- **Task requirements**:
Every line of the listing below is to be duplicated exactly, with the pictures left out.

- **Data provided**:
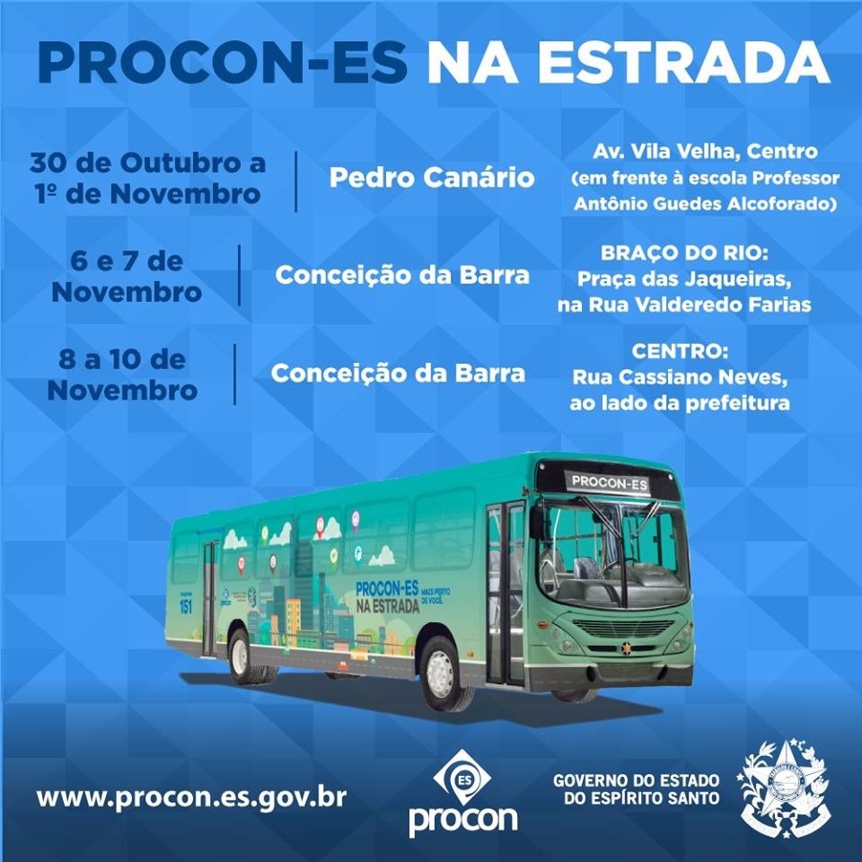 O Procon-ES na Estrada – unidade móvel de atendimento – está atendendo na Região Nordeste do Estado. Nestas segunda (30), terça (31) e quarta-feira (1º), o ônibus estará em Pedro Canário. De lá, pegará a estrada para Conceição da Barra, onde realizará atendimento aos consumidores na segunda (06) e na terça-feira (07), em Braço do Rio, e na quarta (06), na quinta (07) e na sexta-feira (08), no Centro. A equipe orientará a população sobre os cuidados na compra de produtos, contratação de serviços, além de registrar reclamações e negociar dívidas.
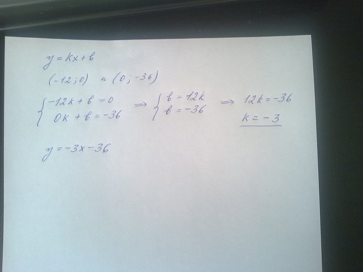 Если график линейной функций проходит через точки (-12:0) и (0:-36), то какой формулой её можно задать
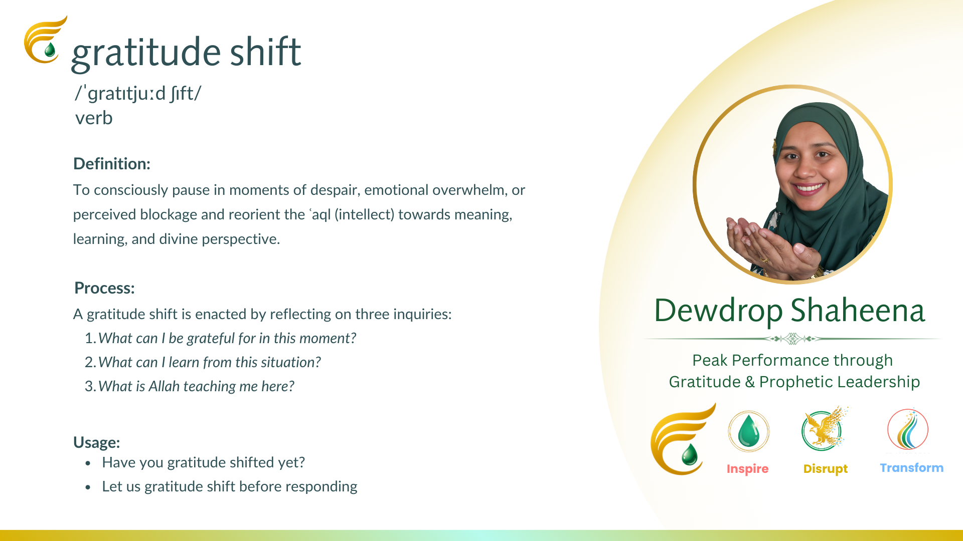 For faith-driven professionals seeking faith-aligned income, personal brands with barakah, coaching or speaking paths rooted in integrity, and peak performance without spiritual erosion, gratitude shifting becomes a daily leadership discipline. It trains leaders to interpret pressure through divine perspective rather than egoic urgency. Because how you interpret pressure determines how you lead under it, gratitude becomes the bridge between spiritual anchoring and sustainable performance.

- **Response**:
 O Procon-ES na Estrada – unidade móvel de atendimento – está atendendo na Região Nordeste do Estado. Nestas segunda (30), terça (31) e quarta-feira (1º), o ônibus estará em Pedro Canário. De lá, pegará a estrada para Conceição da Barra, onde realizará atendimento aos consumidores na segunda (06) e na terça-feira (07), em Braço do Rio, e na quarta (06), na quinta (07) e na sexta-feira (08), no Centro. A equipe orientará a população sobre os cuidados na compra de produtos, contratação de serviços, além de registrar reclamações e negociar dívidas.
 Если график линейной функций проходит через точки (-12:0) и (0:-36), то какой формулой её можно задать
 For faith-driven professionals seeking faith-aligned income, personal brands with barakah, coaching or speaking paths rooted in integrity, and peak performance without spiritual erosion, gratitude shifting becomes a daily leadership discipline. It trains leaders to interpret pressure through divine perspective rather than egoic urgency. Because how you interpret pressure determines how you lead under it, gratitude becomes the bridge between spiritual anchoring and sustainable performance.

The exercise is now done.